Bahn M M, Parchi P
Neuroradiology Section, Mallinckrodt Institute of Radiology, Washington University School of Medicine, St Louis, Mo 63110, USA.
Arch Neurol. 1999 May;56(5):577-83. doi: 10.1001/archneur.56.5.577.
Traditional imaging methods, including computed tomography, routine magnetic resonance imaging (MRI), and magnetic resonance spectroscopy, have not been particularly useful in the diagnosis of Creutzfeldt-Jakob disease (CJD). Although abnormalities can be seen using these methods, the findings are evident only late in the disease or lack specificity or sensitivity.

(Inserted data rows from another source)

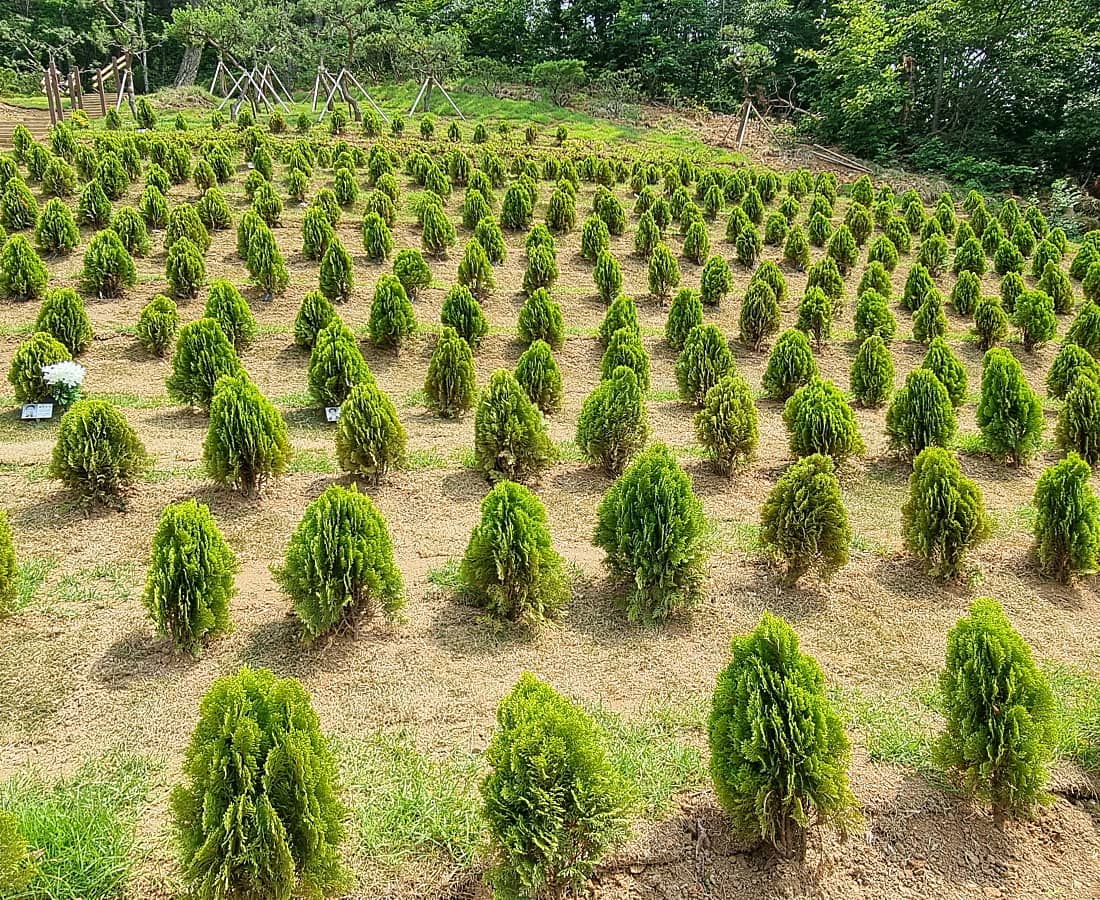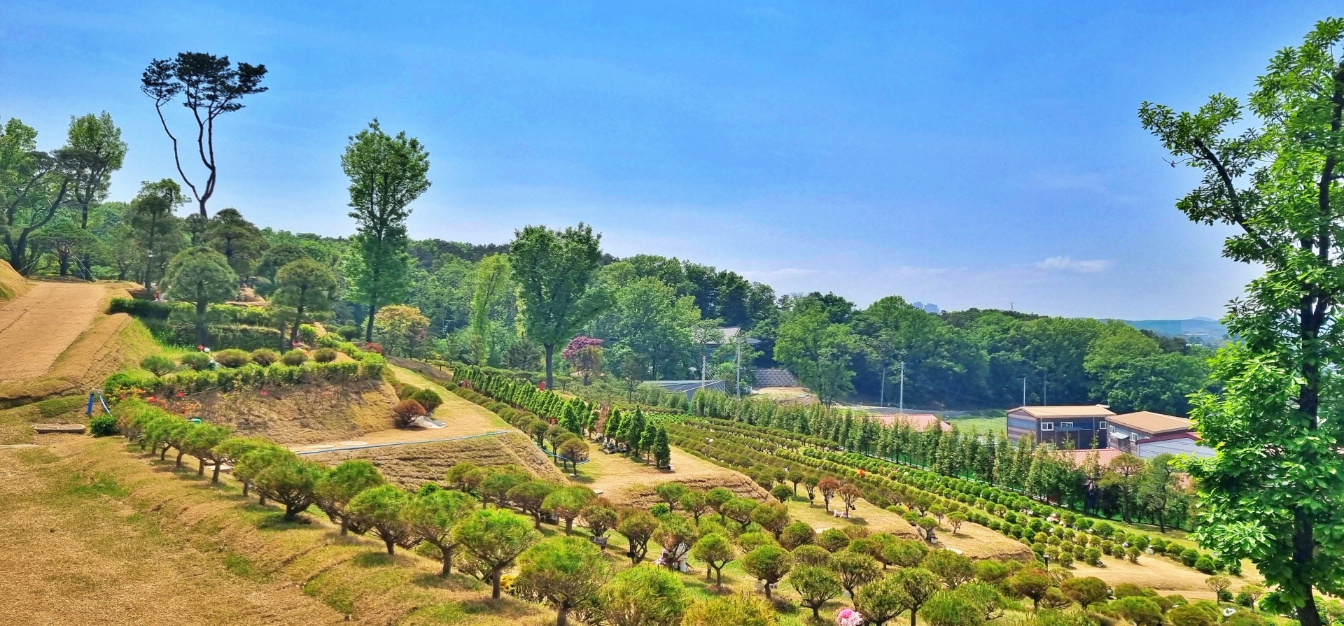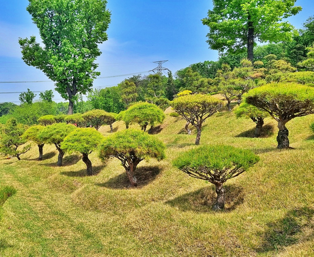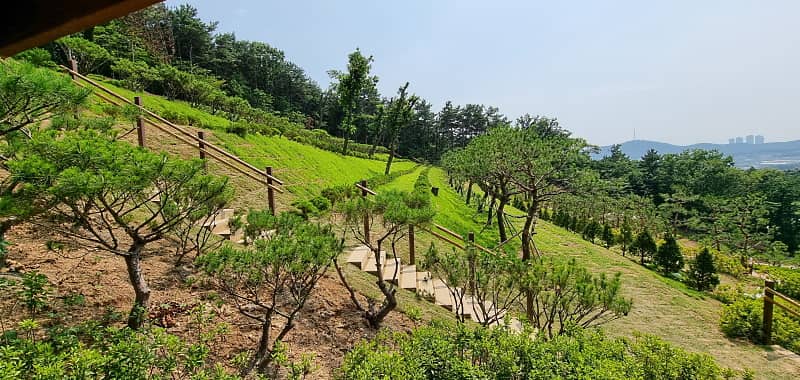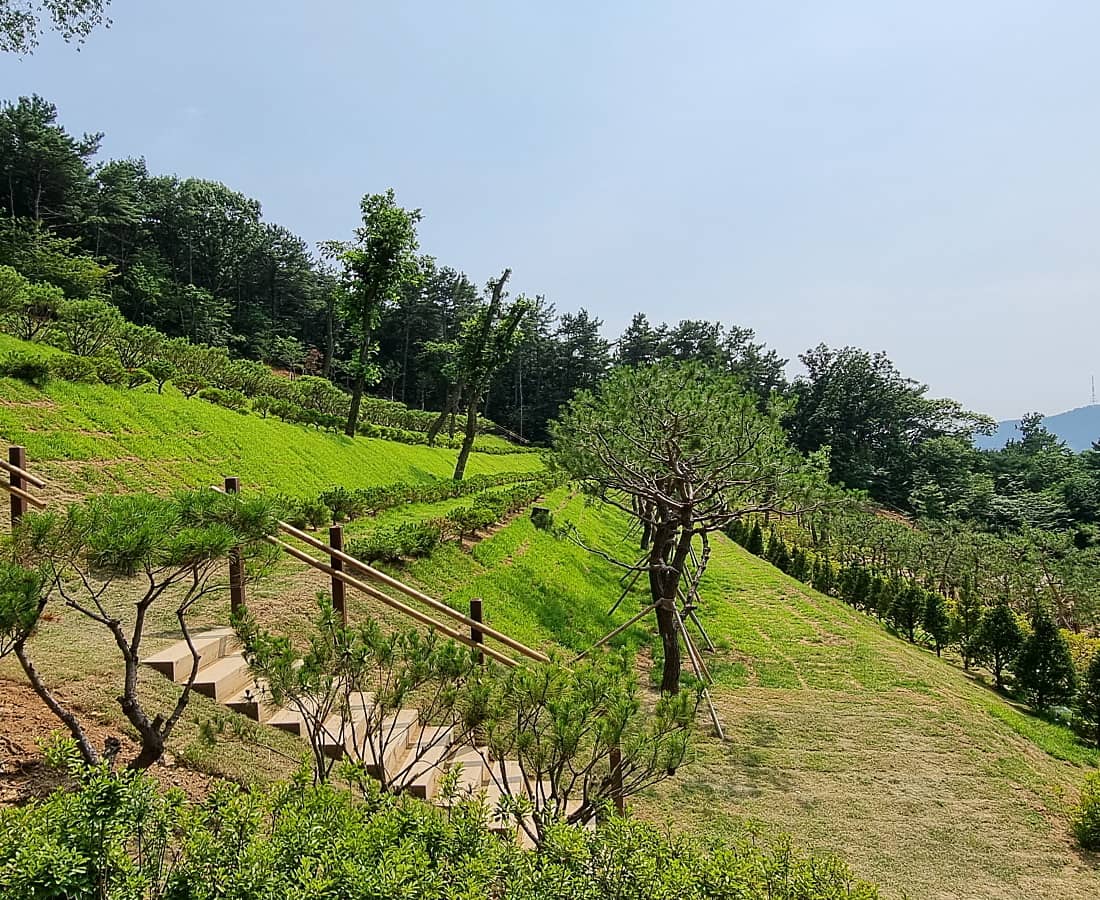 큰 소나무 아래 일정한 간격으로 단을 나누어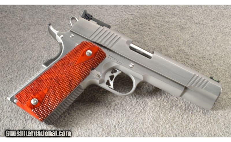 Description: The Dan Wesson Pointman-45 is a 5" series 70 style 1911 chambered in .45 Auto. Features a stainless steel frame and forged stainless steel slide, front and rear cocking serrations, adjustable target rear sight and fiber optic front, diamond checkered cocobolo grips. The flats on this pistol are soft brushed while the rounds are sandblasted. Comes new in the box with (2) 8 rd magazines, factory hard case, safety lock and owners manual. .45 Auto SOLD Chambers: 8+1 semi auto. Metal Condition: New. Wood Condition: New. Bore Condition: New. Triggers: Single action trigger. Weight: 2.5 lbs Item Location: Owatonna, MN |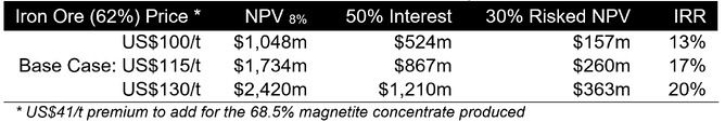 Razorback Financial Modelling: we modelled the development and operation of the project in line with Base Case (5 Mtpa) and Expansion Option (5 to 10 Mtpa), then used different iron ore prices.

To describe abnormalities on diffusion-weighted MRIs in 4 patients with proven CJD.
Diffusion-weighted MRIs were obtained on 4 patients with CJD as part of a routine MRI brain examination.
In all 4 patients, diffusion-weighted MRIs of the brain demonstrated bilateral hyperintensity in the basal ganglia. In 1 patient, the most conspicuous abnormality seen in diffusion-weighted images was in the thalamus. Two patients also demonstrated hyperintensity in the cerebral cortex on diffusion-weighted images. Only 2 of 4 patients demonstrated clear abnormalities on routine (non-diffusion-weighted) MRIs. Diffusion abnormalities were visible in 1 patient within 1 month of symptom onset. The findings were most conspicuous and extensive in the patient with the longest duration of symptoms (7 months).
Diffusion-weighted MRI might provide a noninvasive method of identifying patients with CJD. However, further investigations must be performed to determine the specificity of these findings for CJD.
传统成像方法,包括计算机断层扫描、常规磁共振成像(MRI)和磁共振波谱,在克雅氏病(CJD)的诊断中并非特别有用。尽管使用这些方法可以看到异常,但这些发现仅在疾病晚期才明显,或者缺乏特异性或敏感性。
描述4例经证实患有CJD患者的扩散加权MRI异常情况。
对4例CJD患者进行扩散加权MRI检查,作为常规脑部MRI检查的一部分。
所有4例患者的脑部扩散加权MRI均显示基底节区双侧高信号。1例患者在扩散加权图像中最明显的异常出现在丘脑。2例患者在扩散加权图像上还显示大脑皮质高信号。4例患者中只有2例在常规(非扩散加权)MRI上显示明显异常。1例患者在症状出现后1个月内可见扩散异常。在症状持续时间最长(7个月)的患者中,这些发现最为明显和广泛。
扩散加权MRI可能提供一种识别CJD患者的非侵入性方法。然而,必须进行进一步研究以确定这些发现对CJD的特异性。